My last moment in Budapest felt scripted; somehow meant for, or already in, a film I had seen. There was a familiarity entwined in it, or perhaps just a hint of cliche. 

The hotel in Budapest, Pest to be exact, although I think in hindsight I did prefer Buda, was the first place I felt settled in some time. Adel was sick for the first day. My bringing him soup and watching him melt into that bed felt like we had returned to a standard of normal life that I could grasp.

Everything was just right in Budapest, to a tourist and for a tourist. The vibrant white castles that looked like elaborate playmobil sets….the European city quintessential river splitting the two sides….the narrow winding streets of Pest stacked with karaoke bars all toppling over each other….the vertical tram that slowly carried us to the top of Buda for our examination of the city from above…..Unfortunately, it is far more complicated than that to a Hungarian. Adel’s friend that lived in Buda made this quite clear in his explicit disdain for the seemingly magical, but politically corrupt city. I wondered how much my tourism ruins it. A place to visit, but not to live. 

Budapest was a montage scene. A series of clips that I romanticized through my own lens. We didn’t even talk much, but it never felt silent, almost like there really was music playing between us, over us, all around us. 

Our hotel had free virgin drink vouchers if you stayed more than three nights consecutively, so on the last morning in Budapest we sat at the bar.

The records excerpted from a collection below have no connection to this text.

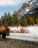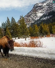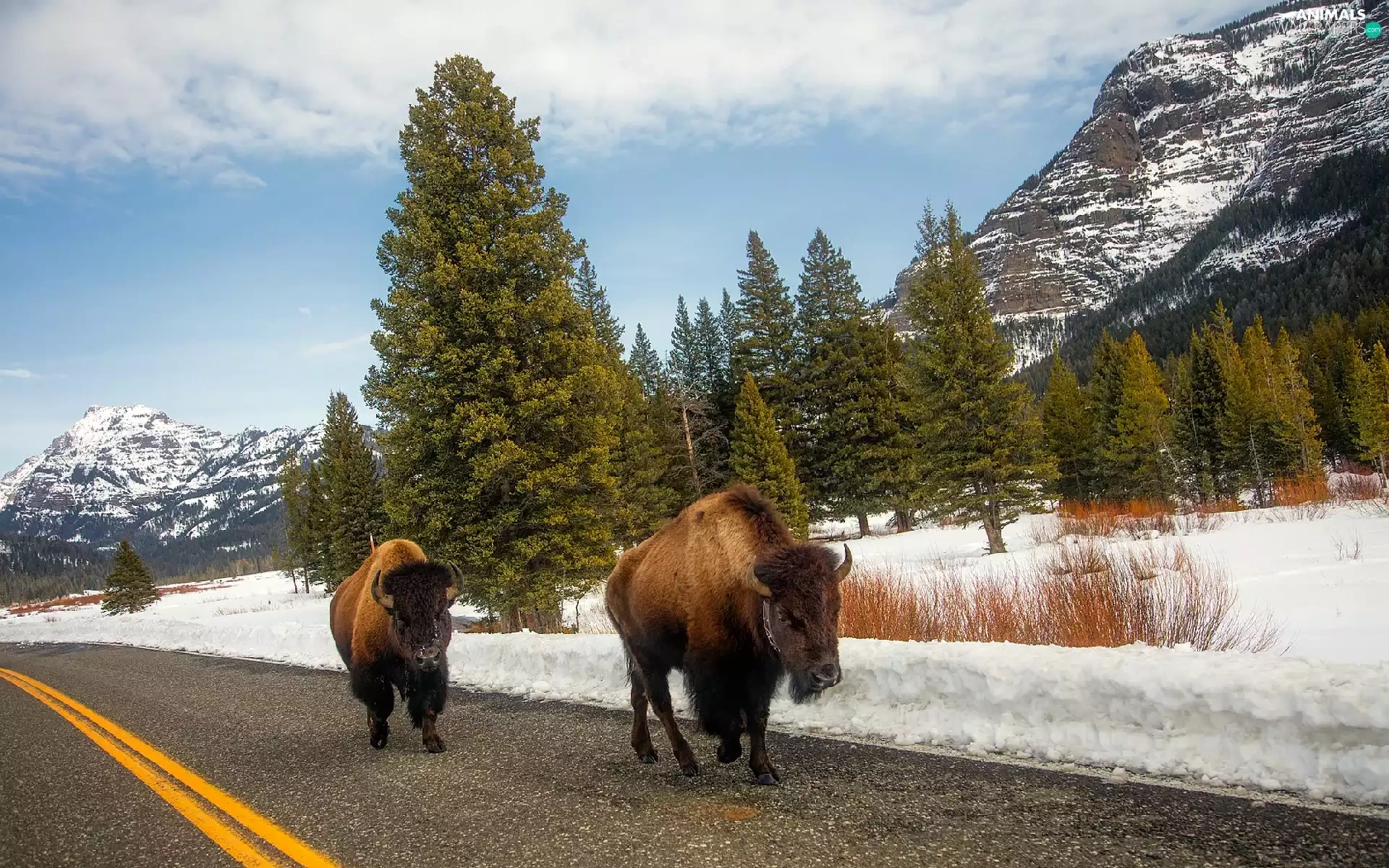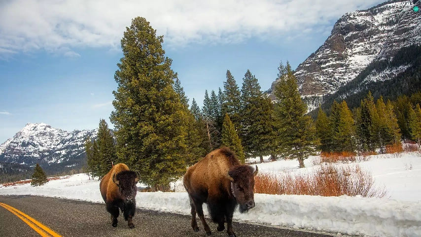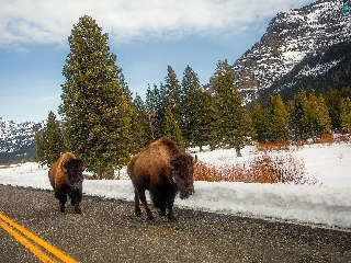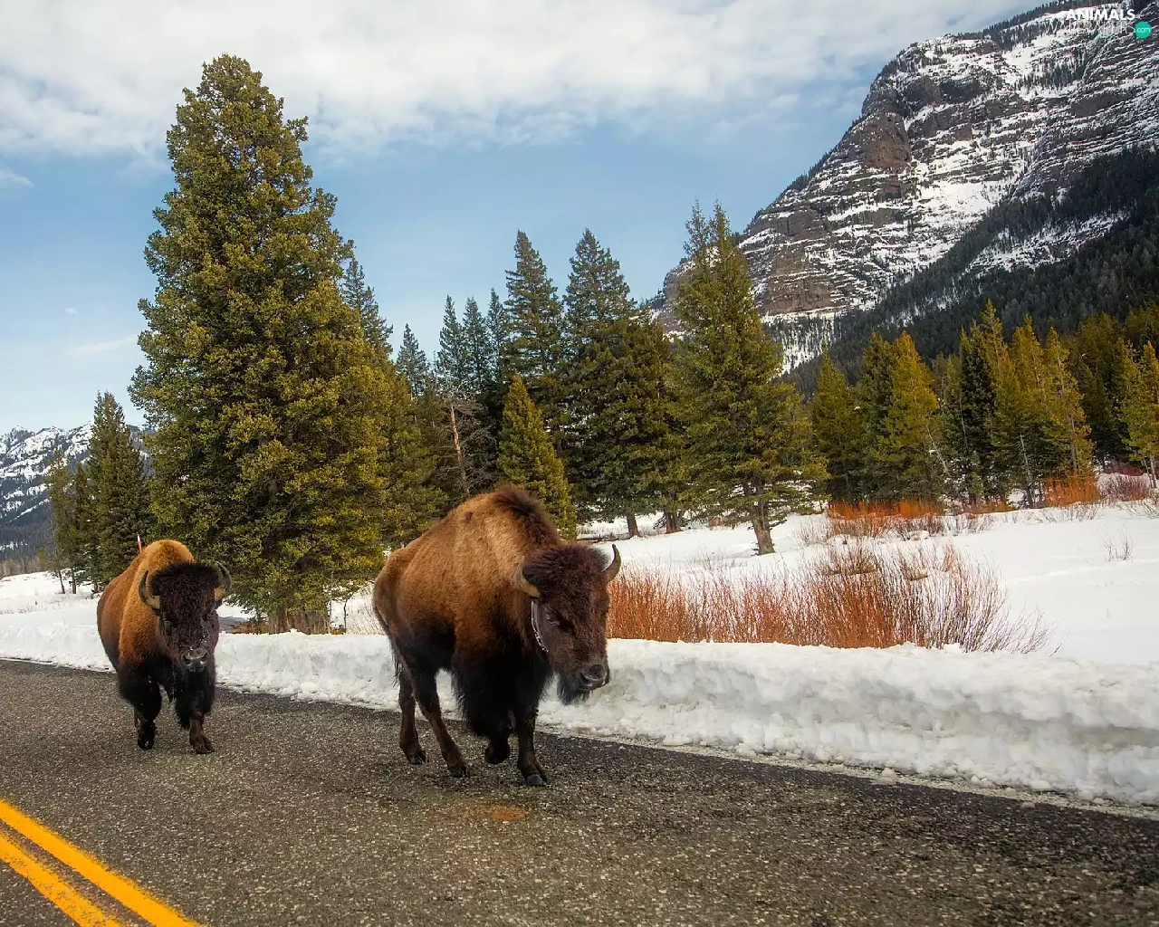 trees, bison, Mountains, Way, Two cars, viewes, winter
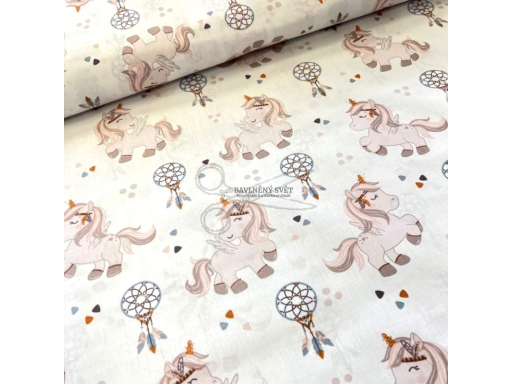 Bavlněná látka JEDNOROŽEC a LAPAČ SNŮ šíře 160 cm
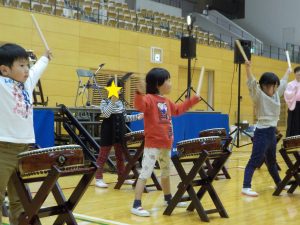 5歳児クラスの子どもたちは、講演終了後に和太鼓の演奏体験をしています。
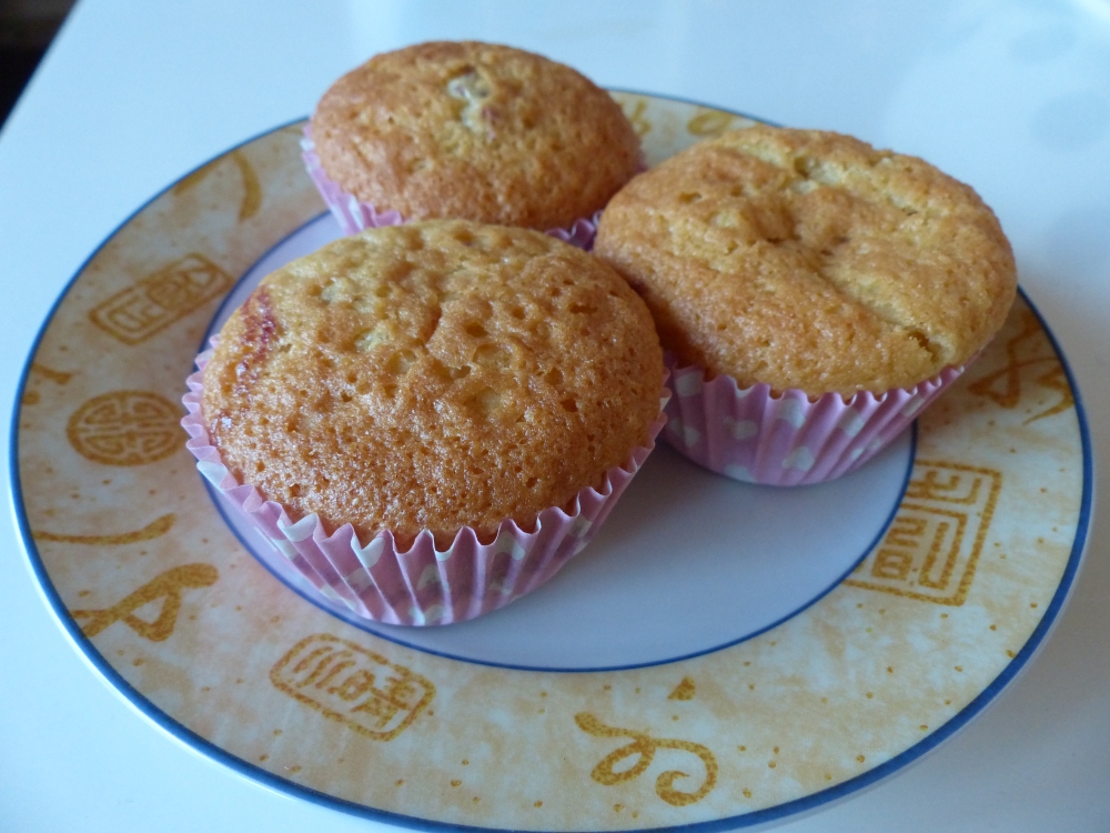 1. yummy . they are great and no self respecting girl would leave them on the plate. Next time try less sugar, a little orange juice or apple or lemon. It may soften the pink blow. The juis adds a tartness to the berries. bugger it WHo cares make more b cos from here they look scrummy.
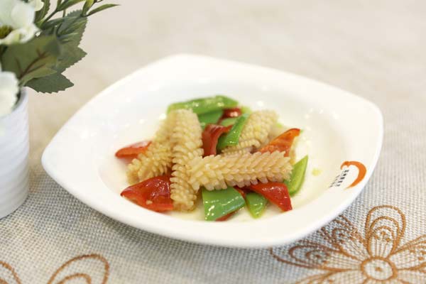 考试题目公布后,小厨师们领到自己所做菜肴的食材,便依次进入考试场地,开始了菜肴的制作。只见他们处理食材、热油,倒入原料,翻炒,加调料,起锅……一连串娴熟的工序过后,一盘盘冒着热气、香味扑鼻的菜肴端上了展示台,让人垂涎欲滴。
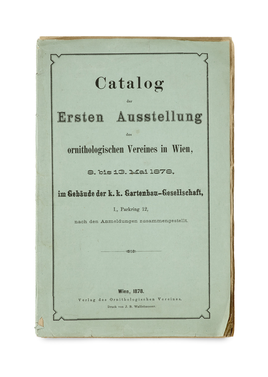 Catalog der Ersten Ausstellung des ornithologischen Vereines in Wien. 8. bis 13. Mai 1876, im Gebäude der K.K. Gartenbau-Gesellschaft ... Wien, J.B. Wallishausser für den Verlag des Ornithologischen Vereines, 1878. 64 S. 8°. OBrosch. (einige tls. hinterlegte Randläsuren, bestoßen, tls. knitterig).

The bartender had long limbs and a dark bob. She had a face that I can still picture vividly, it was an actress’ face. All her expressions were meant to be captured and seen again. She made us sour lemonades and started chatting as her arms extended this way and that shaking and squeezing our virgin cocktails. 

“You two are together, yes?” She said to Adel in her Hungarian accent. Listening to this accent was just as ambiguous to distinguish, describe, and place on a map of accents, as hearing the language of Hungarian itself. 

I was unsure what the right answer was, although taken simply, we were in no doubt together in Budapest. At least that being that we were not there for any other reason besides to be with each other. But I suppose that isn’t really what together means. We awkwardly nodded. 

“The Hungarian accent is so is so….specific.” Adel remarked, attempting to carry the conversation elsewhere.   

“So you are french?” She replied smirking at the irony, how could he possibly comment on her accent when his was so overtly and specifically French. 

“Yuh yuh.” Adel’s typical answer, it was almost his way of revving himself up into a conversation. Especially for ones that would be in English. 

“And you American?”  Now the bartender seemed skeptical, but curious. 

I laughed and replied “yes.”

“And how did you find each other?” 

There was a long and slightly embarrassing pause as Adel and I glared at each other. I could tell we both felt silly, but whatever occupied this pause, this moment of reflection, filled us both with a rush of exhilaration.

“We met in Spain last week.” I laughed lightly, casually, but my face felt hot and I knew I was blushing.  

Her eyes widened, vibrant and lit. She was Keira Knightly in an era of brown eyeliner and short hair. 

“Ahhhhh. I will ask no more questions.” She grinned, giving each of us separately a moment with her eyes. 

“Here are the lemonades.” As sour as they were, there was a lingering sweetness.